本編が終わりメンバーが一度ステージから去り、再び戻って来て演奏を始めたのはなんとCreep!確か前回来日した時のKID A/Amnesiacツアー横浜アリーナでは演奏されなかった曲だ。観客からも大きなイントロだけで大きな歓声が上がる。そしてトム・ヨークがゆっくりと歌い始める。カート・コバーンがイギリスのトップ・オブ・ザ・ポップスに出演した際ゆ〜っくりとSmells Like Teen Spiritを歌った時のように、一語一語大事に歌ってゆく。

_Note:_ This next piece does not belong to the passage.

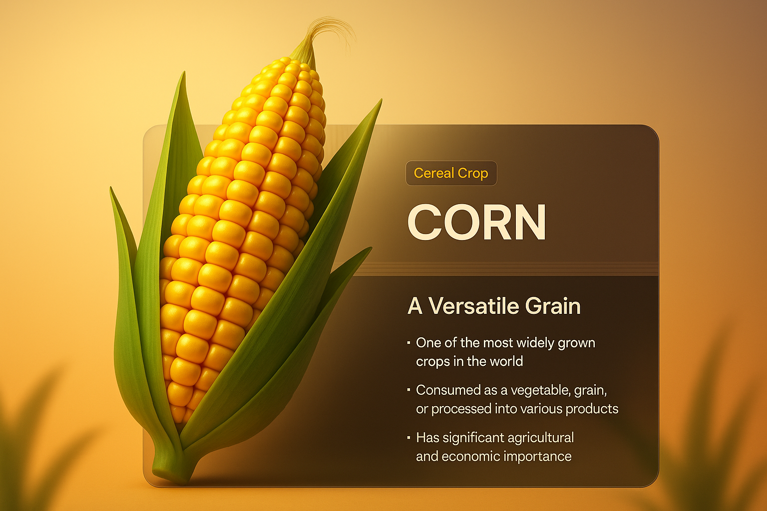 A detailed 3D rendering of corn featuring a sleek, dark overlay with informative text. The gradient background enhances the realism of the corn and adds depth to the composition.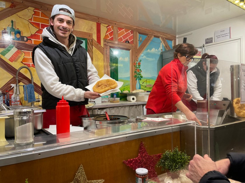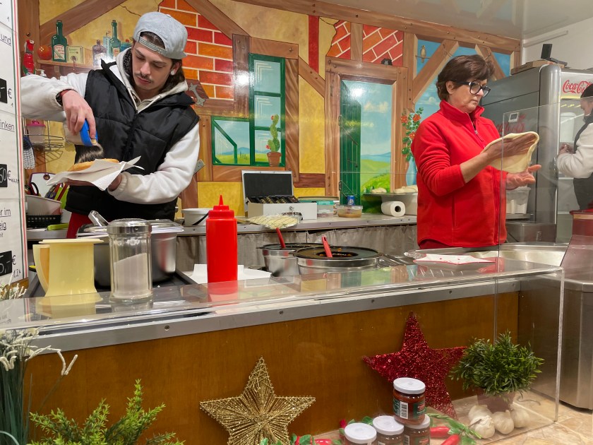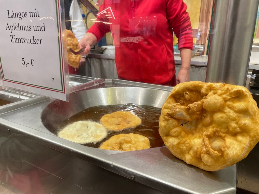 And for dessert we got these scones, called “Langos” served with different toppings. We chose the traditional applesauce and cinnamon sugar. YUM.

最後は大歓声と共に花火が打ち上げられ、サマーソニック2003は終わったのであった。

マリンスタジアムから海浜幕張駅まで歩く途中でレディオヘッドをスタジアムのアリーナで観た友人から手元のJフォンにEメールが入った。
「レディオヘッド良かった。最新作でやりたかったことがわかった。Creepやった。最高だった。」
僕は、そうだね、と思い帰路に着いたのであった。